12.1 RETURN. On the Expiry Date or redelivery of the Engine pursuant to Section
     13.2 (RIGHTS AND REMEDIES) or termination of the leasing of the Engine
     under the Lease, Lessee will, unless an Event of Loss has occurred or
     Lessee shall have purchased the Engine pursuant to any purchase option set
     forth in the Lease, redeliver the Engine and the Engine Documents at
     Lessee's expense to Lessor at the Redelivery Location, in accordance with
     the procedures and in compliance with the conditions set forth in Schedule
     6 (PROCEDURES AND OPERATING CONDITION AT REDELIVERY), free and clear of all
     Security Interests (other than Lessor Liens) and in a condition qualifying
     for and having a valid and fully effective FAA Form 8130-3.
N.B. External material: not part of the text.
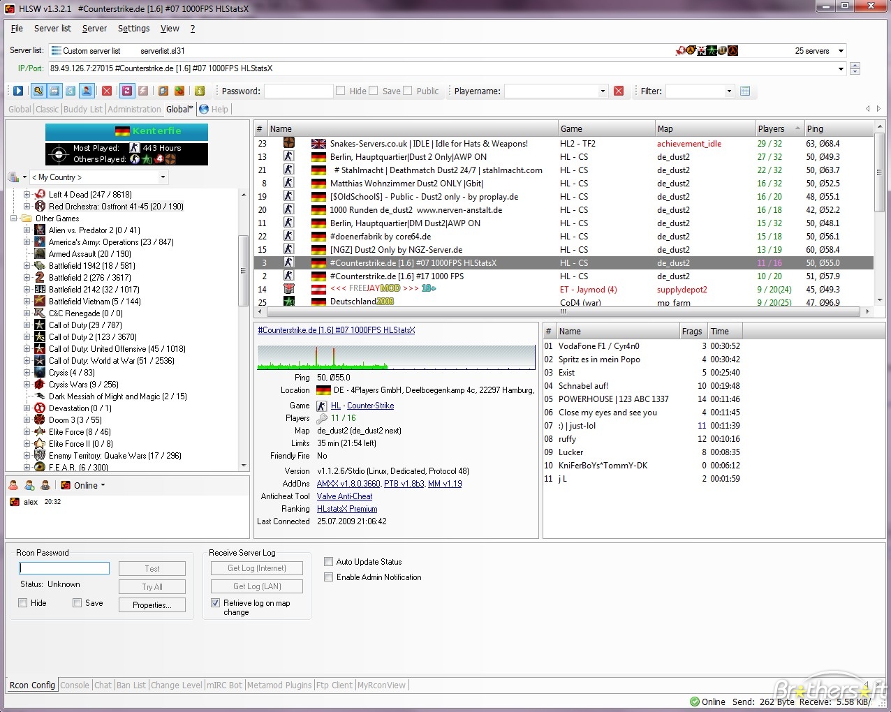 Очень удобная и простая в управлении программа, с ее помощью вы можете: изменять настройки сервера, видеть чат который используют игроки на вашем сервере (Say, Say_team). Также вы получите полный список карт которые есть в папке maps на сервере, сможете посмотреть список банов (IP и время) , давать разбан и бан по ип, сможете убивать игроков (Slap), давать бан на время от 1 до 1337 и перманент, сможете видеть пинг, кол-во игроков, игру, есть (нет) пароль на сервере и много многое другое, а главное - это, то что может делать любой у кого есть доступ к R-con паролю (R-con пароль прописывается в server.cfg как rcon_password "ваш пароль" Программа создана для того что бы не заходя в кс выполнят те же функции amxmodmenu и не только...

12.2 NON-COMPLIANCE. If at the time of Final Inspection Lessee has not fully
     complied with any of its obligations under the Lease (including SCHEDULE 6
     (PROCEDURES AND OPERATING CONDITION AT REDELIVERY)), or Lessee fails to
     make the Engine available to Lessor on a timely basis for inspection and
     redelivery pursuant to Section 12.1 (RETURN) and such SCHEDULE 6 (whether
     such failure is due to any act or omission of Lessee or any other
     circumstance whatsoever), the Term shall be extended until the time when
     the Engine has been redelivered to Lessor in full compliance with the
     Lease, for the sole purpose of enabling such non-compliance or failure to
     be promptly rectified, and during such extension period:

     (a)  Lessee shall not use the Engine in flight operations except those
          related directly to the redelivery of the Engine to Lessor or the
          performance of Lessee's obligations in connection therewith;

     (b)  all Lessee's obligations and covenants under the Lease will remain in
          full force until Lessee so redelivers the Engine; and

     (c)  Lessee shall pay Rent to Lessor at a rate per month equal [*],
          calculated on a per diem basis; provided, however, that Lessee shall
          not be responsible for Lessor's failure to accept return of the Engine
          and the Engine Documents in accordance with the requirements hereof in
          a timely manner or for any Rent with respect to periods after Lessee
          has tendered the Engine and the Engine Documents for return in
          accordance with the Lease, provided, however that if Lessor's
          inspection of the Engine and the Engine Documents, which inspection
          shall be conducted in good faith and timely manner, reveals any
          discrepancy from the condition required by the provisions of this
          Section 12 and Schedule 6 hereof, Lessee shall continue to pay
          Rent in accordance with Section 12.2(c) until the Engine and the
          Engine Documents are returned to the Lessor in accordance with the
          Lease.

     Any such extension shall not prejudice Lessor's right to treat such
     non-compliance or failure as an Event of Default at any time, and to
     enforce such rights and remedies as may be available to Lessor in respect
     thereof under the terms of the Lease or applicable Law. Without limiting
     the generality of the foregoing, Lessee's Rent obligation under paragraph
     (c) above shall be without

                                      -36-
<Page>

     prejudice to Lessor's rights to terminate the letting of the Engine and to
     recovery of damages pursuant to Section 13.2 (RIGHTS AND REMEDIES).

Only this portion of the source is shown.